Mother Nature = the new Casey Johnson

too soon?

queeraselvis v 2.0 January 8, 2010 at 1:10 pm

[re=491460]RoscoePColtraine[/re]: You know who ELSE was a sexy ginger at one time?

rikitikitavi January 8, 2010 at 1:12 pm

[re=491475]queeraselvis v 2.0[/re]: Jim Newell

dum librul January 8, 2010 at 1:14 pm

“In this sad scene, we’re seeing yet another innocent youth falling victim to America’s number one sexual predator: Franklin Delano Roosevelt.”
Every Friday, there’s one line brought to us by the Curmudgeon that makes me loose my LOL upon the world. The preceeding was that line.

sezme January 8, 2010 at 1:27 pm

[re=491411]Lascauxcaveman[/re]: That’s nothing – wait till you see the photo the paparazzi get when she steps out of the limo.

Mr Blifil January 8, 2010 at 1:32 pm

Yes, Virginia, there is a…

…c#@k in my butt?

bureaucrap January 8, 2010 at 1:34 pm

1. So you’re saying Mike Luckovich is gay?
2. I always love editorial cartoons about the weather. They’re only slightly less interesting than conversations about the weather.
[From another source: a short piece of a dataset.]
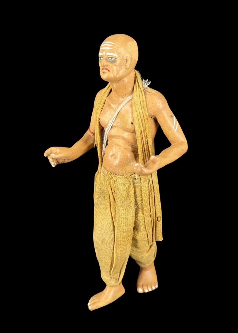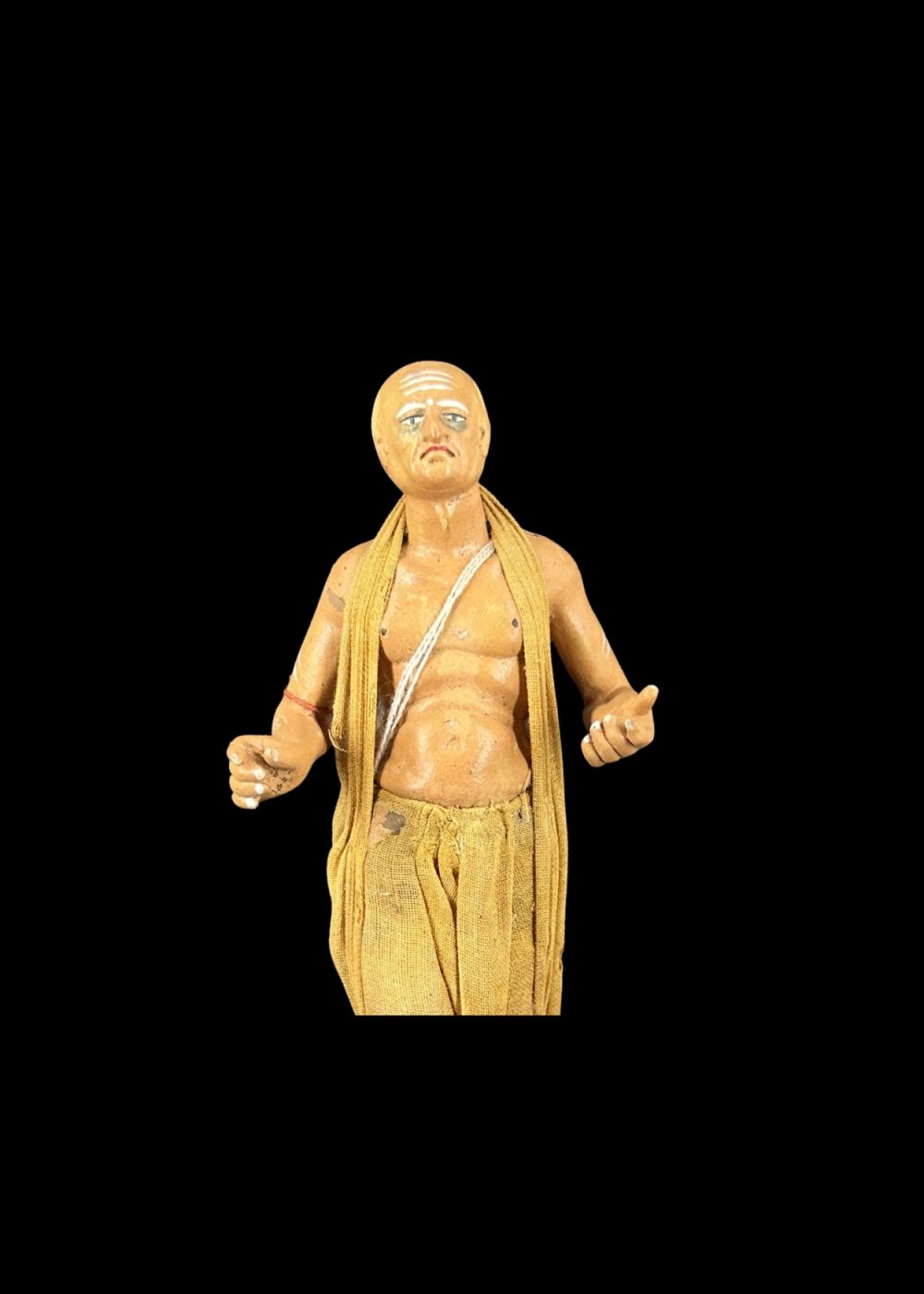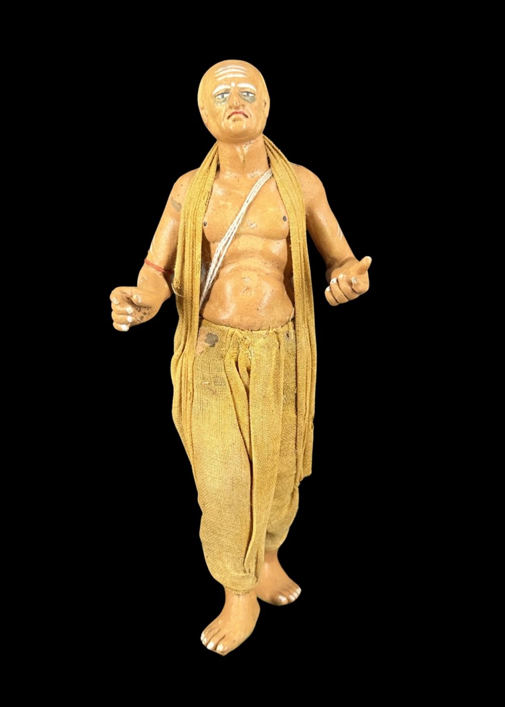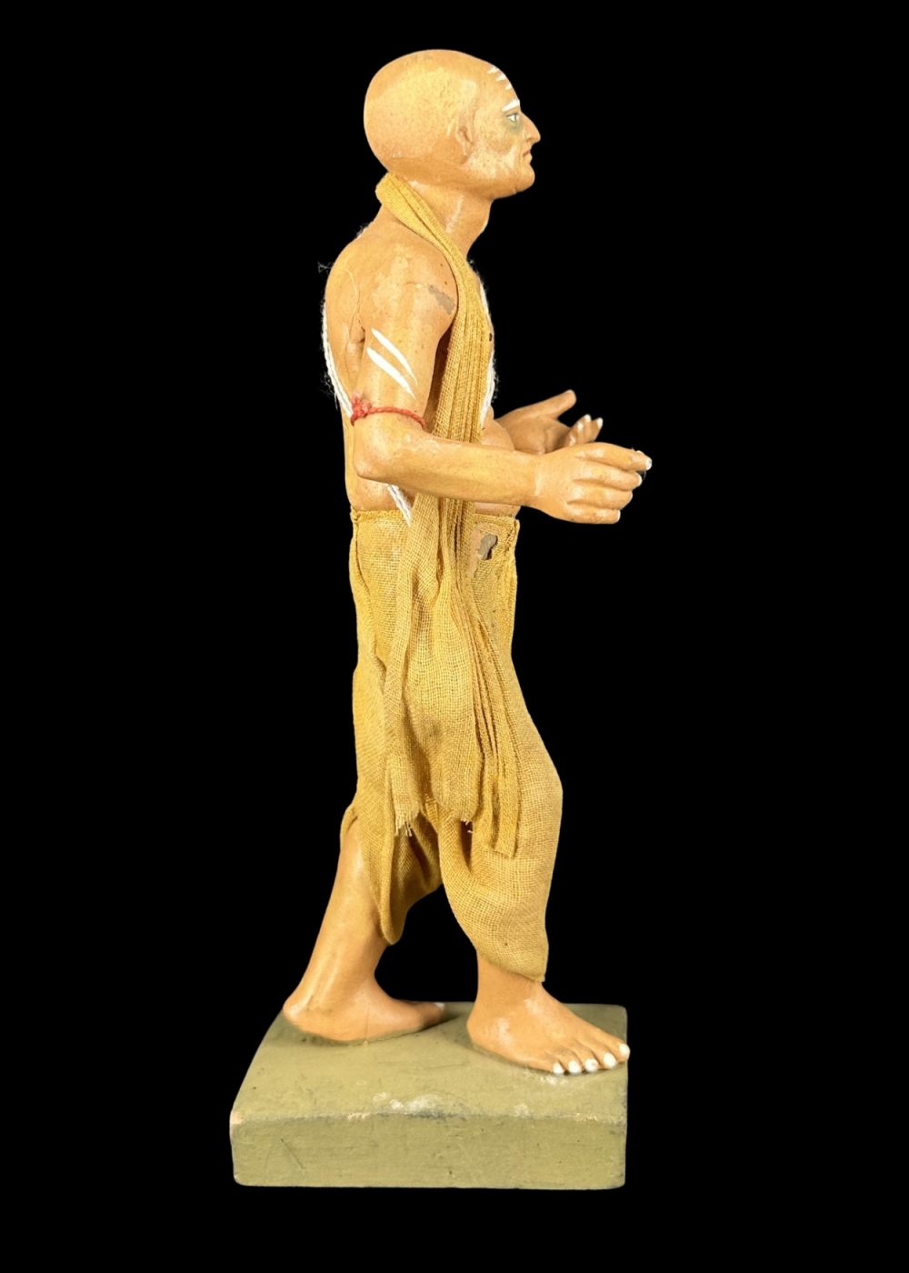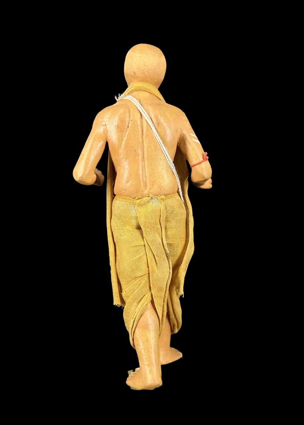 This clay figurine portrays a Vaishnava devotee mid-step, likely engaged in a devotional procession or spiritual dance (sankirtan). Dressed in simple ochre robes with a sacred thread draped across his torso, the figure embodies humility and spiritual fervor. His expressive stance and upward gaze reflect deep devotion and surrender, characteristic of Bhakti movement practices.

bitchincamaro January 8, 2010 at 1:34 pm

I’m guessing the hooked nose on the entertainment exec was done in compliance with all post Weimar Repuplic requirements for pen and ink caricatures of the evil Jew.

Accordion-o-rama January 8, 2010 at 2:19 pm

Why is Ben Stein making the “W” sign in the sidebar ad? Is this some kind of code?

rottenart January 8, 2010 at 2:40 pm

Lose couple of teeth, slap some tattoos on her, and Mother Nature could be Amy Winehouse. This means something.

chascates January 8, 2010 at 3:16 pm

Love Asay’s use of the exotic, un-American Hawaiian shirt. And those ‘African’ sandals! Mallard Filmore couldn’t do better.

lawrenceofthedesert January 8, 2010 at 3:19 pm

[re=491551]Accordion-o-rama[/re]: Ben Stein is as unfunny a cartoon as those above.

Accordion-o-rama January 8, 2010 at 3:36 pm

I interpreted the last cartoon as God punching some Frenchie (goatee, beret) whose abominable public health system provided free birth control for this drug-laced, humiliation three-way.

JMP January 8, 2010 at 4:10 pm

[re=491551]Accordion-o-rama[/re]: If it’s Ben Stein these days, he’s either shelling for credit score rip-offs or emphatically denying basic scientific facts.

steverino247 January 8, 2010 at 4:12 pm

[re=491551]Accordion-o-rama[/re]: It’s the number of years Ben Stein worked as a speechwriter for Nixon, yet still didn’t know his boss was a crook.

TVarmy January 8, 2010 at 7:43 pm

Aren’t political cartoons supposed to be about current events or people in the news or something? What the hell did that entertainment industry cartoon have to do with anything?

Bearbloke January 8, 2010 at 9:45 pm

[re=491469]WadISay[/re]: [re=491410]Come here a minute[/re]: Meet my Senior-Bear! In the past, he’s dressed as Father Xmas… yes, there are feelthy pix – no, I won’t share…

[re=491464]Escape Goat Nation[/re]: Another “Reid Fleming” fan – brilliant, Mate! Allow me to add “Milk and Cheese” and “Calculus Cat” to the funny-list… harharharhar!